Tag Archives: Ken Blanchard

Employee Engagement: Summertime Best Practices

gThankYou! BBQ Workplace PartyAre you “in tune” with your employees? Summertime provides a wealth of opportunities for employee engagement. July and August tend to be more casual months when barbeque and beaches are in the forefront of everyone’s minds, so why not use that mindset to organize events and company fun to cultivate relationships with your employees?

According to Bob Aronson, CEO and founder of the Aronson Communications Group, “If communications is not your top priority, all of your other priorities are at risk.” Keeping that in mind, spend some time planning summertime events that increase the level of communications between you and your employees. Get-togethers that promote unity and team spirit should be at the top of the list.
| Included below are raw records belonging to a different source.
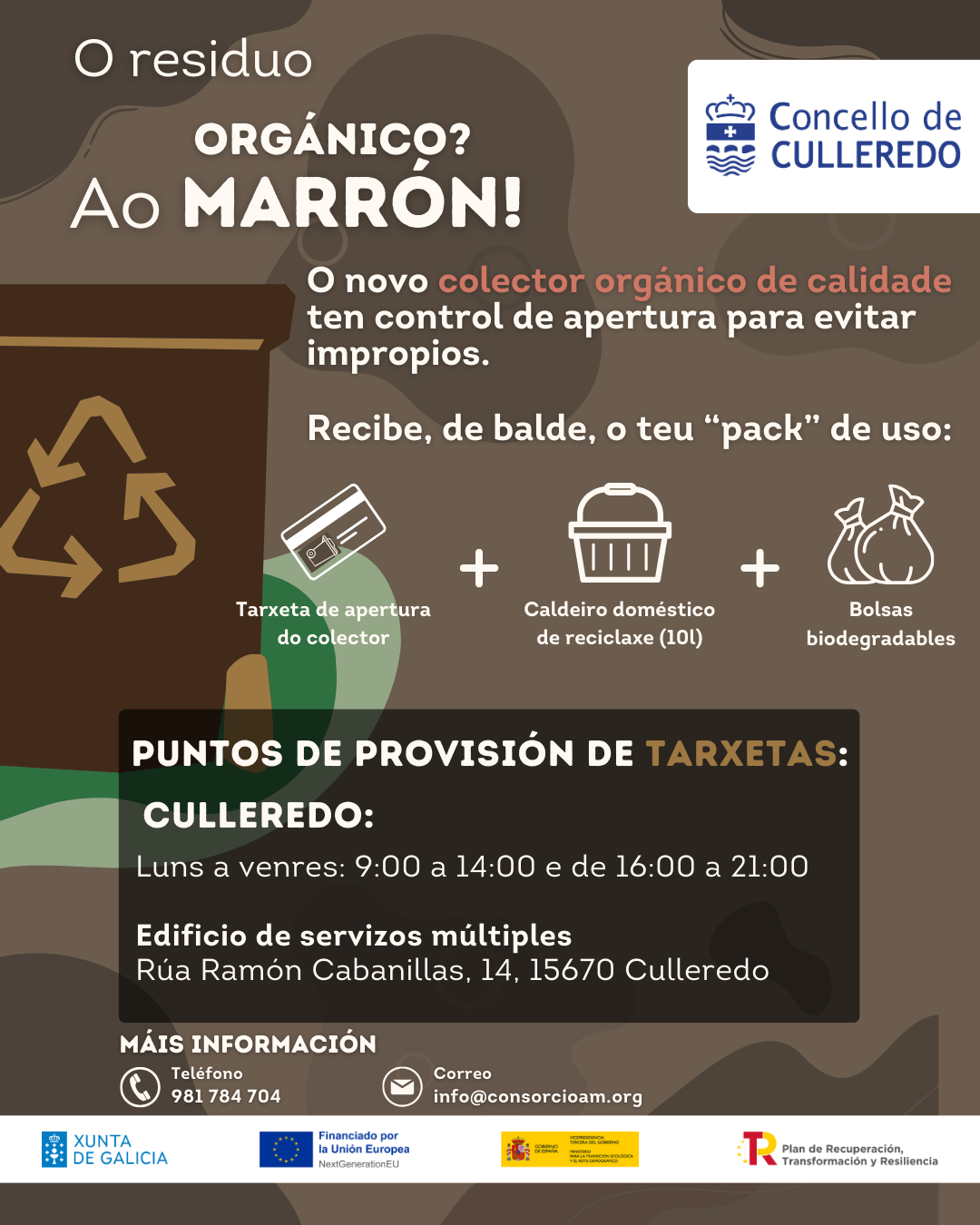 Se aínda non tes a túa tarxeta, podes recollela no Edificio de Servizos Múltiples do Burgo de luns a venres en horario de 9:00 a 14:00 horas e de 16:00 a 21:00 horas. Podes solicitar máis información no 981 784 704 ou no correo electrónico info@consorcioam.org.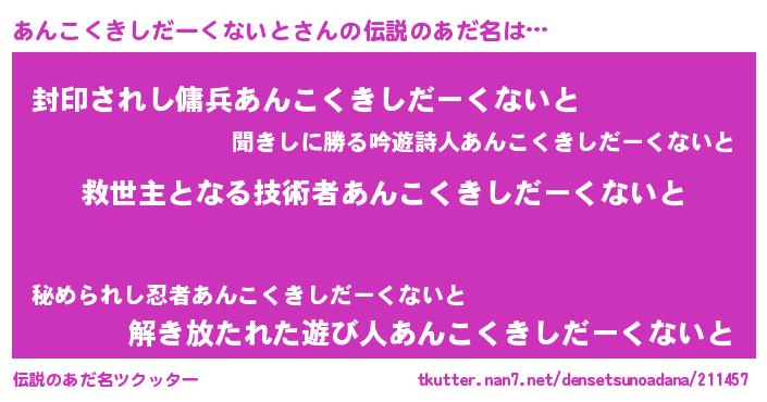 | 胡散臭い通販商品みたいなあだ名 | 『モンドセレクションを受賞したマグネット磁石…その名も「あんこくきしだーくないと」』 |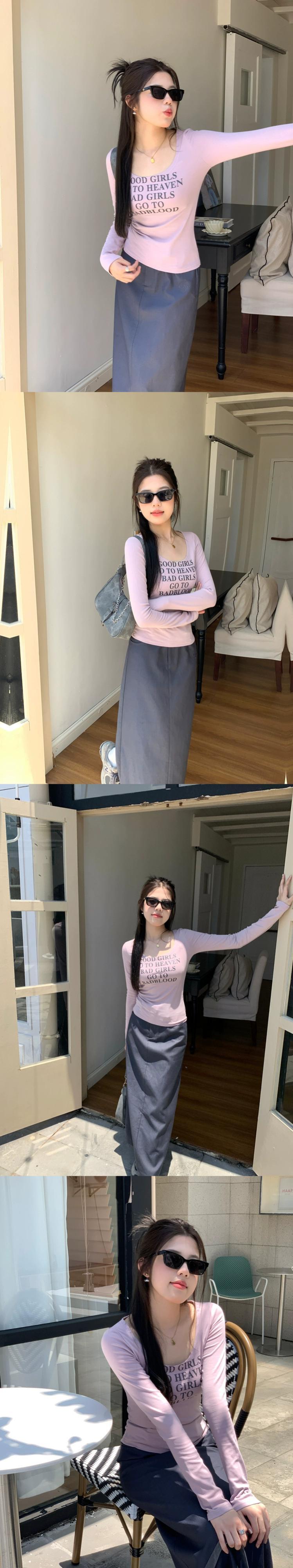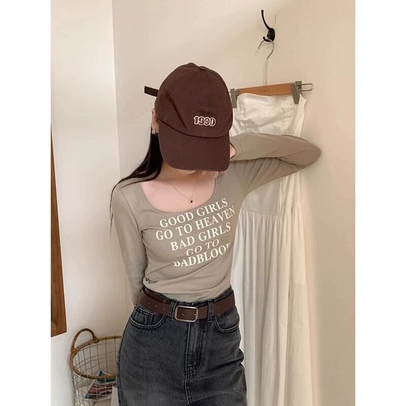 春バージョン 2024 新スタイルファッションスリムラウンドネックレタープリント長袖 T シャツ女子学生トレンド ロング スプリング 春物 Oネック Tシャツ missk92254688890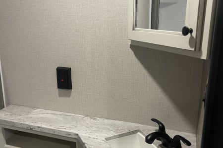 Bathroom: A conveniently located bathroom includes a shower, toilet, and sink, providing all the necessary amenities for a comfortable camping experience.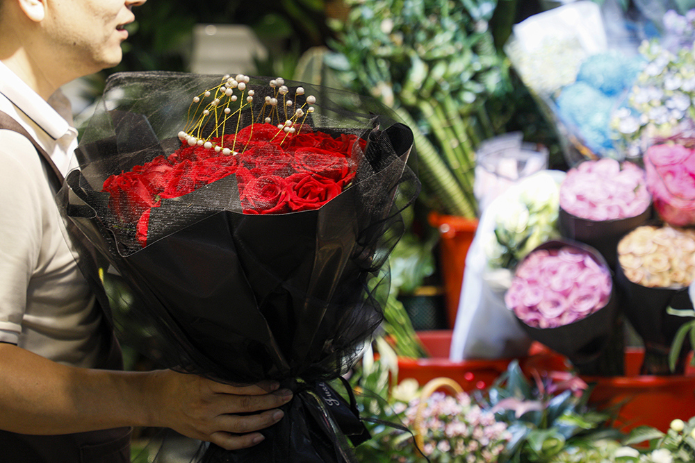 老板为了晚上的活动正在包扎单枝玫瑰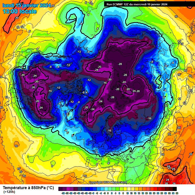 120 hr. Bovenluchten koelen verder af. Buien meer en meer winters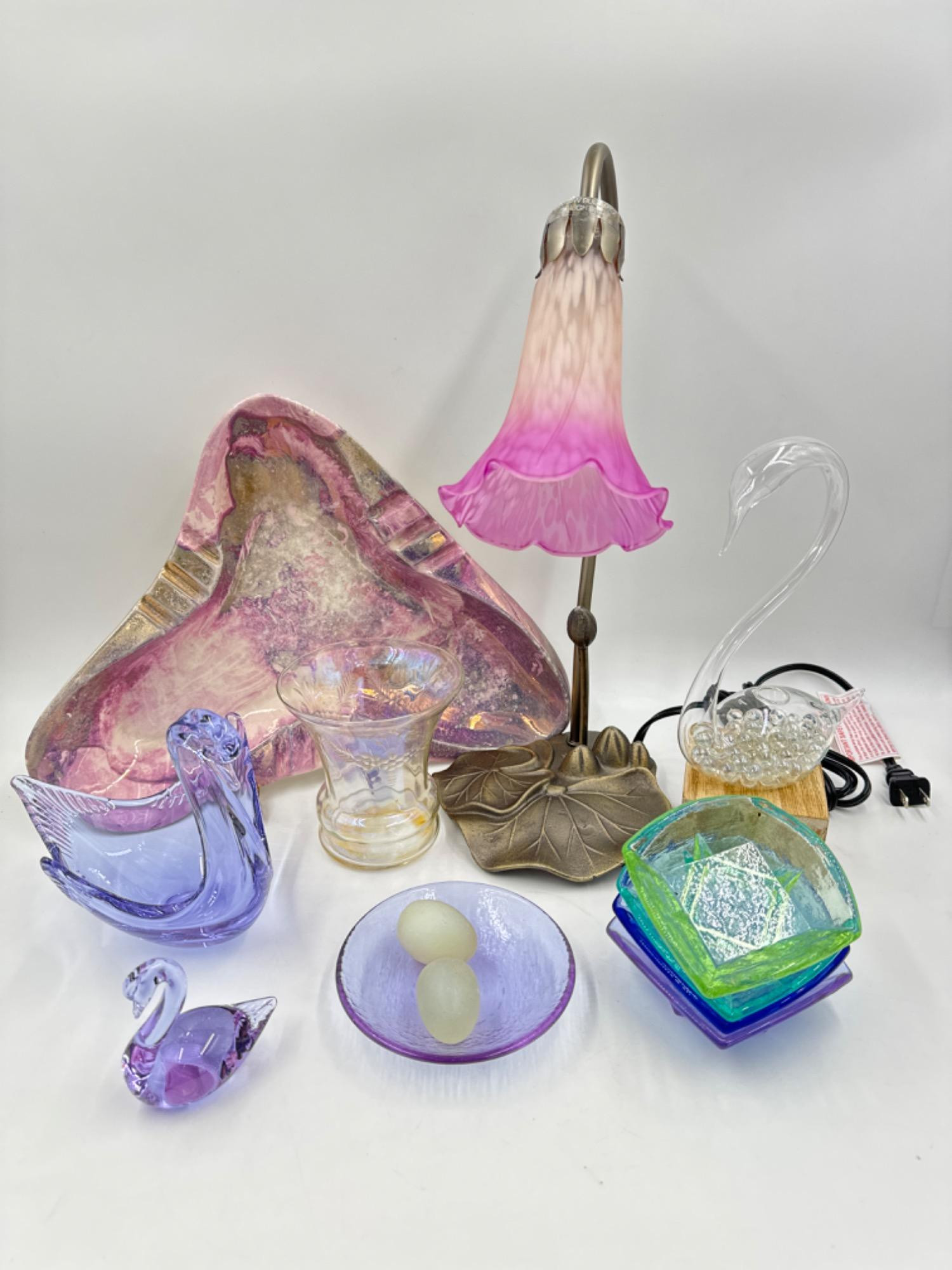 Santa Anita "Mist" CA pottery ashtray - 14.5”W - great condition Purple Art Glass Swans - 6.25”T & 3.25”T 8” Hollow blown glass swan Pink Pond Lily lamp appears new/unused Fire & Light Handmade Recycled Glassware trays

Here are some examples:

Host a Summertime Vision Group

Your vision for your company should be shared with those who work for you. Andy Parsley of Green Lion, in his publication titled “A Road Map to Employee Engagement” lays it out in three simple steps:

1. Have a vision of where you want to get to.
2. Clearly and persuasively communicate that vision to employees.
3. Be consistent in your behaviors as you strive to achieve that vision.

Summertime Vision Groups are great opportunities to review your company’s vision, discuss your goals and mission statement, and set employee and management expectations. It’s also a good idea to review year-to-date performance and get employee buy-in to proposed changes to increase efficiency and performance.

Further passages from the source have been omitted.